The Associated Press has now reported that the driver of a truck which caused a horrific crash recently in Southern Missouri and resulted in the deaths of two innocent motorists has been officially charged with involuntary manslaughter. The wreck occurred on US Route 60 when the truck driver reportedly rear ended the other vehicles which were stopped at a light, crushing their vehicles between his truck and a second truck which was stopped ahead of the motorists at the light. According to local news reports, the driver of the truck is suspected of having violated the hours of service limits imposed by the Federal Motor Carrier Safety Administration (FMCA), and likely fell asleep at the wheel. While the FMCA rules, including the hours of service limitations, exist to preserve the safety of the public and those who drive for a living, they are all too frequently violated by truckers and companies looking to squeeze out extra dollars by pushing the limits of safety. The FMCA recently amended the hours of service rules in an effort to further promote safety. For instances, the new rules limit drivers to 70 hours behind the wheel in a seven day period, down from the previous limit of 82 hours. The rules have been met with considerable push back and many will not be in effect until July, 2013. However, this tragic accident serves as an example of exactly why these regulations are necessary.

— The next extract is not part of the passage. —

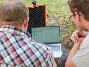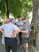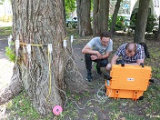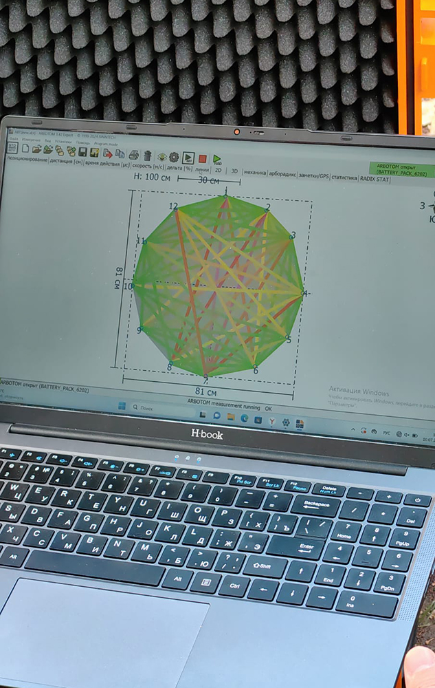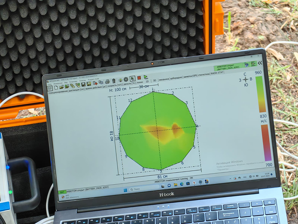 Он подробно объяснил принцип действия арботома, продемонстрировал ход работы на практике и провел диагностику тополя в парке имени Бунина. В процессе обследования оператор установил датчики по периметру дерева, подключил их к компьютеру и произвел последовательные удары по каждому датчику. Результаты исследования, требующие оценки и распознавания данных, отобразились в специальной компьютерной программе.

It’s important to note that the FMCA regulations and other rules governing the trucking industry only work to protect the public when they are followed or otherwise enforced by the companies themselves. When a company ignores the rules, fails or refuses to enforce the rules amongst its drivers, the results are often deadly. Tragically, this particular accident serves as a prominent reminder of this very problem.
According to reports from media local to the crash, the track record of the company for which the at fault driver was working reveals that nearly half of its drivers committed serious federal safety violations, known in this industry as “out of service violations”, in the last several inspections of the company conducted over a two year period. This is an appalling record which should have served as a prominent red flag to those in charge long before this accident ever occurred.